"""Transcorrelated Hamiltonian construction.
Transcorrelated methods incorporate short-range electron correlation
into the Hamiltonian through a similarity transformation:
H̃ = e^{-t} H e^{t}
where t is a correlation factor (Jastrow factor). The resulting
transcorrelated Hamiltonian has:
* Modified one-body terms (kinetic energy picks up three-body
contributions from commutation with t).
* Modified two-body terms (electron repulsion is screened at short range).
* Three-body terms (arise from double commutators [t,[T,t]]
and [t,[V,t]]).
In the normal-ordered two-body approximation (NO2B), the three-body
terms are approximately folded into lower-rank contributions, making
the problem tractable with standard two-body solvers.
This module:
1. Accepts a correlation factor e^{t} parameterisation.
2. Builds the similarity-transformed Hamiltonian through O(t^2).
3. Applies the NO2B approximation.
4. Outputs a :class:`Hamiltonian` ready for consumption by CI/DMRG.
Key diagnostic: the resulting Hamiltonian is generally non-Hermitian.
We report the Hermitian and anti-Hermitian parts separately, and the
backend solver should be configured to handle non-Hermitian matrices
(e.g., via bi-orthogonal Davidson).
References
----------
* Boys & Handy, *Proc. R. Soc. A* 309, 209 (1969).
* Ten-no, *Chem. Phys. Lett.* 330, 169 (2000).
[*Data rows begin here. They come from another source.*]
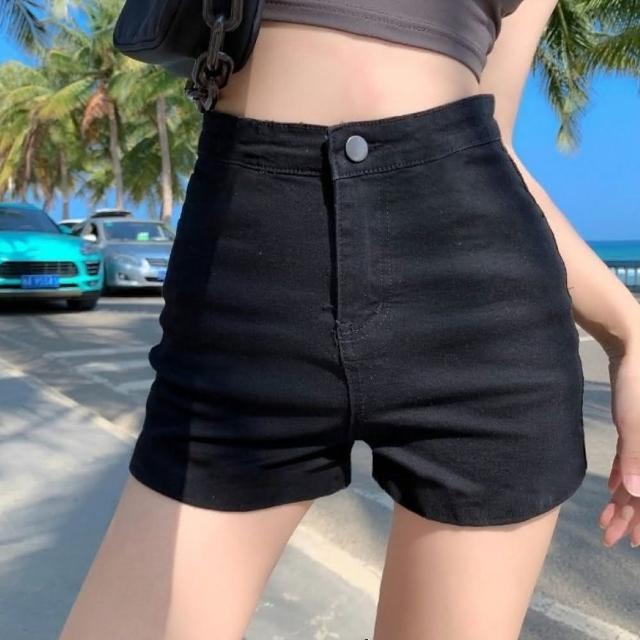 HELENA黑色牛仔短褲 高腰顯瘦辣妹風百搭黑色短褲 三分褲 休閒褲 褲子女 C1200(高腰褲 休閒褲 熱褲 短褲 牛仔褲 褲子女 C1200)
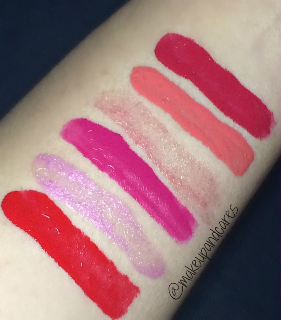 La línea cuenta con 16 labiales. He tenido la oportunidad de probar 6 de ellos , dos textura gloss y 4 labiales fijos . Los tonos más claros tienen ese efecto gloss sin embargo cuando se aplican en en labio y transcurren unos minutos se fijan totalmente , eso si, su pigmento tiene menor intensidad y lo que se puede apreciar es un tono natural y pequeñas partículas de shimmer .
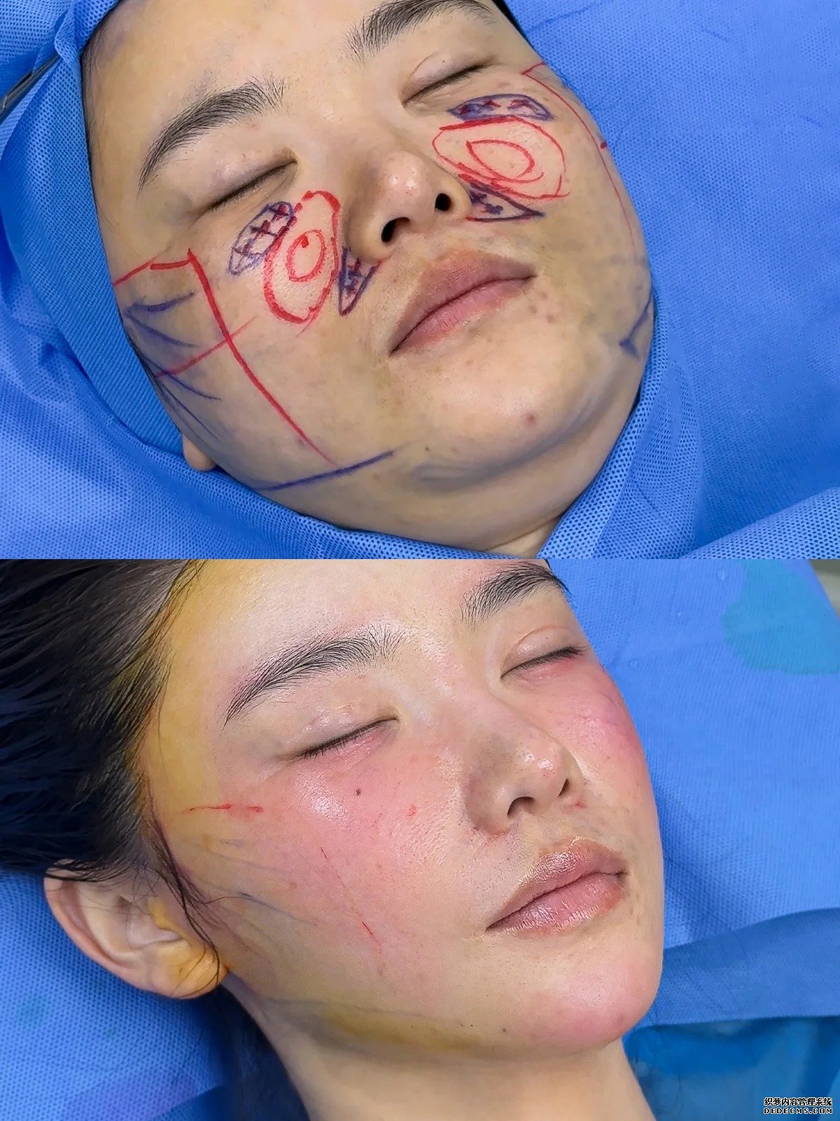 奥美定危害不仅体现在外观形态改变,其释放的有毒单体更可引发组织慢性炎症、感染,甚至增加癌变风险,必须尽早干预。齐医生结合患者具体情况,决定采用我院成熟的“全息六维层离清奥术”联合高清3D内镜技术,为王女士施行了面部奥美定取出修复手术。
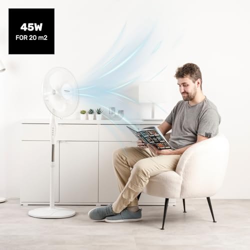Jednym z kluczowych atutów tego wentylatora jest funkcja oscylacji, która pozwala na równomierne rozprowadzenie chłodnego powietrza w całym pomieszczeniu, eliminując strefy z nadmiarem ciepła. Ręczne nachylenie głowicy wentylatora umożliwia skierowanie strumienia powietrza dokładnie tam, gdzie jest to potrzebne, co czyni go niezwykle wszechstronnym urządzeniem.
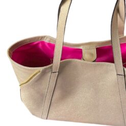 - Bolso tipo Shopping en cuero de grano sutil color dorado perla.
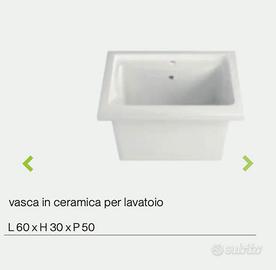 Vendesi mobile lavanderia della ditta Savini nuovo a causa di errore di misura, lavabo ancora nel proprio scatolone. Il mobile color tortora opaco con top effetto pietra è composto da due ante push and pull e un ripiano interno.
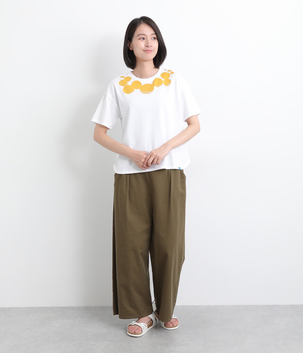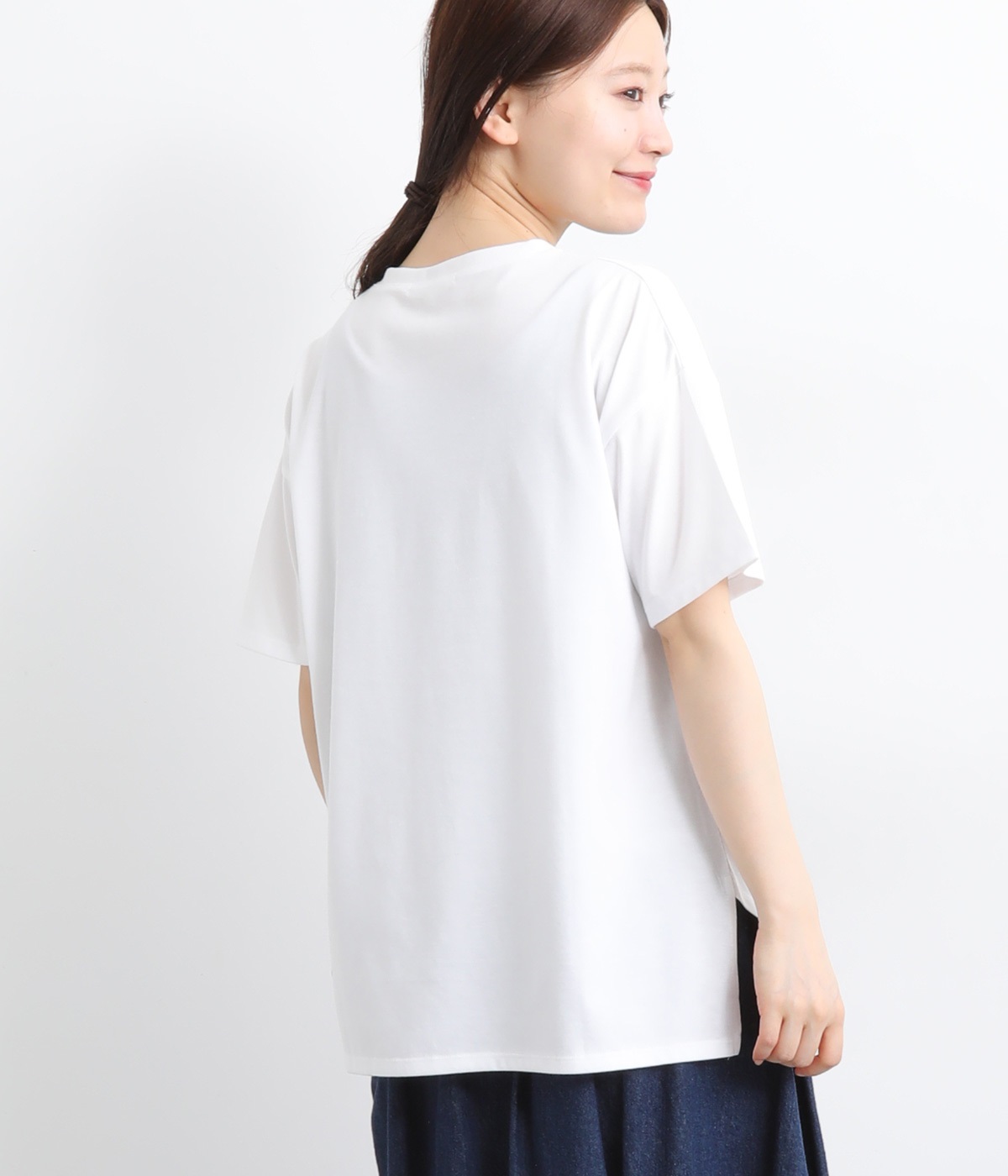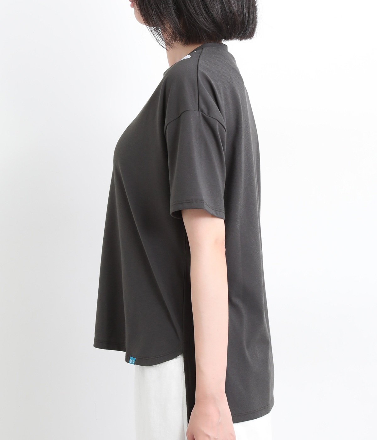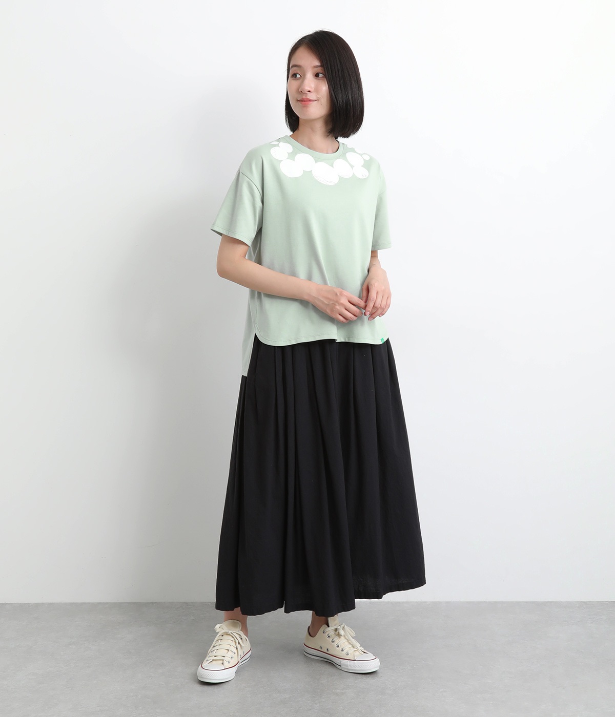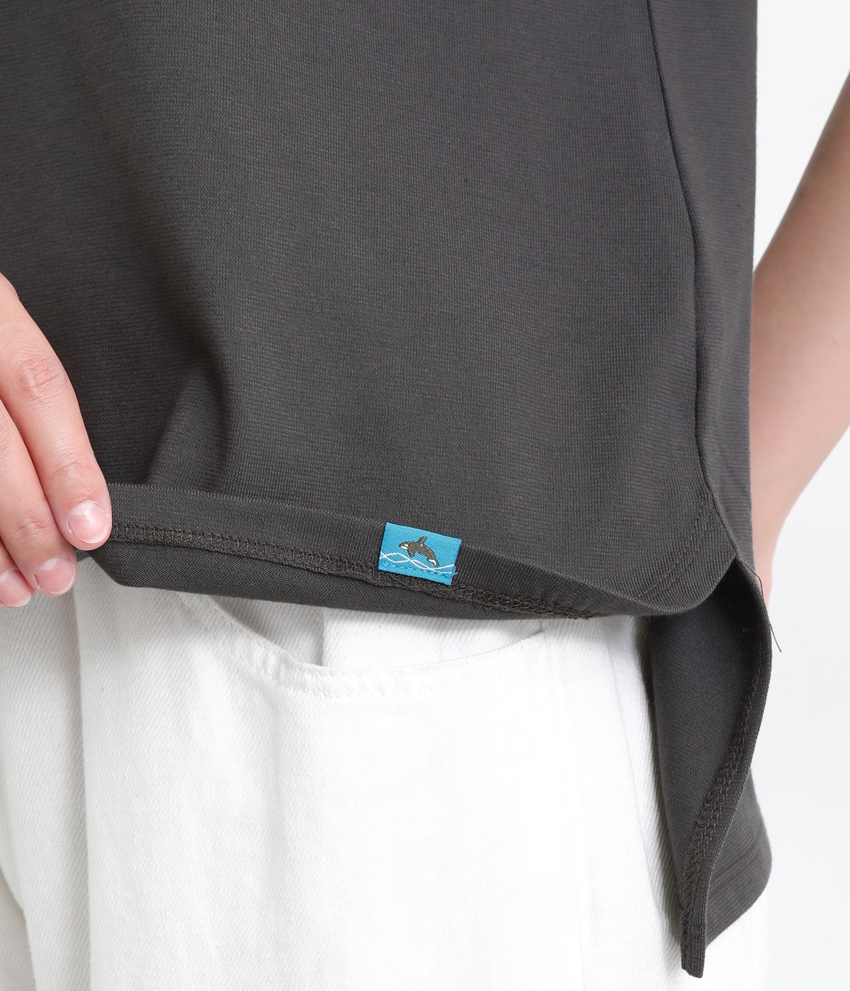 ドット柄の中に泳ぐシャチの水しぶきや泡、一緒に泳ぐ魚たちをさり気なく取り入れた、「水族館でシャチを見る」をテーマにした一枚です。ほどよくゆとりのある身幅が着心地よく、前後差のある裾は前をラウンドカットにして動きやすさをプラス。

* Yanai & Shiozaki, *J. Chem. Phys.* 136, 084107 (2012).
* Baiardi & Reiher, *J. Chem. Phys.* 155, 164101 (2021) -- QCMaquis 4.0 TC.
"""
from __future__ import annotations
import warnings
from dataclasses import dataclass, field
from typing import Optional
import numpy as np
from ._common import Hamiltonian, _antisymmetrize_h2e
@dataclass
class TCDiagnostics:
"""Diagnostics for a transcorrelated Hamiltonian transformation."""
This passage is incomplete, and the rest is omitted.